A mushroom stuffing, seasoned with onion, garlic and herbs, and a sauce infused with orange juice and zest, moisten the meat and sharpen the mild flavour of the roast lamb. The leg, a popular cut, provides plenty of tender, lean meat, delicious hot or cold.
ingredients
serves 8
1 tablespoon olive oil
1 large onion, peeled and finely chopped
4 cloves garlic, peeled and crushed
1 pound button mushrooms, wiped and chopped
1 cup whole wheat bread with crusts cut off, diced
2 tablespoons fresh parsley, finely chopped
1 level teaspoon dried marjoram
1/2 level teaspoon dried basil
1 medium orange
Freshly ground black pepper
6 pound leg of lamb, bone and fat removed
1 level tablespoon All purpose flour
1/2 pint vegetable or beef stock
Orange wedges and sprigs of marjoram to garnish
method
OVEN: Preheat to 230°C (450°F)
1. Heat the oil in a large skillet and cook the onion and garlic in it gently for 5 minutes, until lightly coloured.

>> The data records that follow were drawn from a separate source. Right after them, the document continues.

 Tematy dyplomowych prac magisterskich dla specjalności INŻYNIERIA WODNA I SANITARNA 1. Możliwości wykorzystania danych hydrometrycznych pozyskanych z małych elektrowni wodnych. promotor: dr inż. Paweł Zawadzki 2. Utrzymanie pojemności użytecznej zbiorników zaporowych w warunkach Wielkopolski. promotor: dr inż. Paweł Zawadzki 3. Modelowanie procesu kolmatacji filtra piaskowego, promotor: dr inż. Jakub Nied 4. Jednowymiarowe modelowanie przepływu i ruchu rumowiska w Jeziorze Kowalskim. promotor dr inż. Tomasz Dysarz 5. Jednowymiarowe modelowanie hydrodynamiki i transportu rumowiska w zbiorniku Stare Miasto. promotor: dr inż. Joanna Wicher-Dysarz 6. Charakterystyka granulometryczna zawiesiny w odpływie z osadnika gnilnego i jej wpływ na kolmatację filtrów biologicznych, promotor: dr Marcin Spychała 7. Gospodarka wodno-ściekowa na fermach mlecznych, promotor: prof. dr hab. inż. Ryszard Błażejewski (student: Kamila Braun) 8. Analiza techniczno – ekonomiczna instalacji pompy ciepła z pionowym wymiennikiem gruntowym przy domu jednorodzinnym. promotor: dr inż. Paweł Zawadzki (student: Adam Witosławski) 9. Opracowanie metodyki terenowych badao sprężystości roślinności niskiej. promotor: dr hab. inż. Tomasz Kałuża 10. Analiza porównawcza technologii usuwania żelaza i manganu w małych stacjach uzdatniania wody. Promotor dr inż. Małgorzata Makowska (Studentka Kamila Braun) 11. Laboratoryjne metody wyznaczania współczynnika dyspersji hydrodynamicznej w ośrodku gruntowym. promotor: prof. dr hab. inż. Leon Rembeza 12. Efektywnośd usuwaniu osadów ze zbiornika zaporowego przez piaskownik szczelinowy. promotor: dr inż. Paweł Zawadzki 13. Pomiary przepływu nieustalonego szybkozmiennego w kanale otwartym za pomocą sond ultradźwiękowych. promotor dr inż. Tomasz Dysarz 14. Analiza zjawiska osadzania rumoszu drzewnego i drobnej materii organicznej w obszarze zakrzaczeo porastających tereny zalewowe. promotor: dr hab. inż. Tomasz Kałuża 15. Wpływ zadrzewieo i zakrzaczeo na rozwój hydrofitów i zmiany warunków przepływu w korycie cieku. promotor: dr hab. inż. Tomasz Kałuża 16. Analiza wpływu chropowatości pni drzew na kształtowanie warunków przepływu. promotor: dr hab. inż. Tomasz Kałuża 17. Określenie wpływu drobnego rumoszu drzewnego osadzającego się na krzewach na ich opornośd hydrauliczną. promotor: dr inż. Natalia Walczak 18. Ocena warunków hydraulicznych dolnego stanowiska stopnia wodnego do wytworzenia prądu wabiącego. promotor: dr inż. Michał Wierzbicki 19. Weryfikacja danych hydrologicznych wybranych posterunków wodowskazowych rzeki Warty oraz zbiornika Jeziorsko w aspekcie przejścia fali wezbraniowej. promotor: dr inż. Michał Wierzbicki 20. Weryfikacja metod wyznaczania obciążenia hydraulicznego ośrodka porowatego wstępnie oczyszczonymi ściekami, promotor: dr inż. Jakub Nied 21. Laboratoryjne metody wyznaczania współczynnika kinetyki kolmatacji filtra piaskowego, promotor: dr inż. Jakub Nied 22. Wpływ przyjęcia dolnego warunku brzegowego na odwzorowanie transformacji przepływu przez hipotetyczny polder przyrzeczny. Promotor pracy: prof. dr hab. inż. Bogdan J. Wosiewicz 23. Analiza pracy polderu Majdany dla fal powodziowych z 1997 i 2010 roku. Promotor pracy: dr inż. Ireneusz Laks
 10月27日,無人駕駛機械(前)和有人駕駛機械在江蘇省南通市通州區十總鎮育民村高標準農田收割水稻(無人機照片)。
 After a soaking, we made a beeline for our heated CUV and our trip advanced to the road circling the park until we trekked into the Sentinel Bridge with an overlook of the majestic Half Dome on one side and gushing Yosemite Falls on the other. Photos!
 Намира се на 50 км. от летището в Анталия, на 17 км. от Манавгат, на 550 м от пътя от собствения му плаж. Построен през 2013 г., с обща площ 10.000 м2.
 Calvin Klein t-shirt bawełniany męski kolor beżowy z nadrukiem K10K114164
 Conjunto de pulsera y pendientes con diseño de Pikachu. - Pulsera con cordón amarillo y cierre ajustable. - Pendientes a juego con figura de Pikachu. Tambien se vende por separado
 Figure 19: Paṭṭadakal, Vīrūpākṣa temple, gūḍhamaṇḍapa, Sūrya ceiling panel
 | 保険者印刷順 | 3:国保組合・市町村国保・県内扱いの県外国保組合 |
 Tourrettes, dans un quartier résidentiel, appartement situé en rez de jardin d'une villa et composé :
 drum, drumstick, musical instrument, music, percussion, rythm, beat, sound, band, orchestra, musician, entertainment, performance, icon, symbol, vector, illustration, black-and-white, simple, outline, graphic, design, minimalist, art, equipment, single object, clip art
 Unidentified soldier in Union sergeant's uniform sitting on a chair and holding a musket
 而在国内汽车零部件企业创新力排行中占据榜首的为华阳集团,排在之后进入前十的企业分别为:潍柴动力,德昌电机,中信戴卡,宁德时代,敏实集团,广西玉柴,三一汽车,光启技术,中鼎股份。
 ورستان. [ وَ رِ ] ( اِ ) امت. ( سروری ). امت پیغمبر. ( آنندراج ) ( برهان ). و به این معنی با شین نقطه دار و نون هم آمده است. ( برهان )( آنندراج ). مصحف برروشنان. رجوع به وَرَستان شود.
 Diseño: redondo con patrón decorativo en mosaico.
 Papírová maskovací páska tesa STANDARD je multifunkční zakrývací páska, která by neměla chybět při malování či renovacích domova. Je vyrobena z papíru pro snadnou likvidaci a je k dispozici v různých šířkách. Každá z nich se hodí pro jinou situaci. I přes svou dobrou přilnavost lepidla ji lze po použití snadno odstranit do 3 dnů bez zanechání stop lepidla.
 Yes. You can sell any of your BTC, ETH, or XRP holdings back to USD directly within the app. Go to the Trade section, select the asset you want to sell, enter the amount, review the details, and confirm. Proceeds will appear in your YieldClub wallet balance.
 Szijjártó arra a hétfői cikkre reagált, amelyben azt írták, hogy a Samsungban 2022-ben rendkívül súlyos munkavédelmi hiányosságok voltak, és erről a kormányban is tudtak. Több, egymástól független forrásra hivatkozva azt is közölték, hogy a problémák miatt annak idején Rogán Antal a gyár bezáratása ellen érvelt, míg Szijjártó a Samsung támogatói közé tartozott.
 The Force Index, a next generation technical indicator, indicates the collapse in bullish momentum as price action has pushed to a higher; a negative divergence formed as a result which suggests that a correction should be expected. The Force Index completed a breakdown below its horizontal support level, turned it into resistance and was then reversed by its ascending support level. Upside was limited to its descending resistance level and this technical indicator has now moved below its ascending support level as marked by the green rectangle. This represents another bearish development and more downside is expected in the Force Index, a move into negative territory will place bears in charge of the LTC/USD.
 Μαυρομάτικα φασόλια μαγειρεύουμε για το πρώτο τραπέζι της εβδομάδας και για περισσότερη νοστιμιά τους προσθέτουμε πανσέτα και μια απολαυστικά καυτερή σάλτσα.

Add the mushrooms and cook for a further 8 minutes, or until the mushroom juices have evaporated.
2. Take the pan off the heat and mix in the bread, parsley, marjoram and basil. Grate in about 1 teaspoon of rind from the orange, season with pepper and stir well.
3. Stuff the lamb with the mushroom mixture, packing the stuffing, not too tightly, along the cavity left by removing the bone. Secure with skewers or thin, clean string if necessary to hold the meat in shape.
4. Put the lamb on a rack in a shallow roasting tin and roast in the heated oven, uncovered, for 15 minutes. Reduce the oven temperature to 180 C (350 F, gas mark 4), and continue cooking for another 2 hours for meat that is slightly pink and 2 hours 20 minutes for well-done meat.
5. Pare off the skin and outer membrane of the orange with a very sharp knife. Free the segments by cutting down each side of them to remove the membranes.
6. When the lamb is cooked, lift it onto a warmed serving dish, cover with foil and leave to rest for 10 minutes. Skim off and discard the fat from the juices in the roasting tin. Mix the flour into the remaining juices and gradually stir in the stock. Bring to the boil over a low heat, stirring to incorporate the browned juices from the bottom of the tin. Reduce the heat and simmer for 5 minutes, stirring frequently. Add the orange segments and heat through for 1 minute, then pour into a heated sauceboat.
7. Uncover the lamb and remove any skewers and string. Slice the meat, not too thinly, leaving the diners to remove any remaining fat. Garnish with the orange wedges and marjoram. Serve with the sauce.
The traditional accompaniments of new potatoes and peas cannot be bettered, but you can offer a different look with Snap peas or sugar snap peas.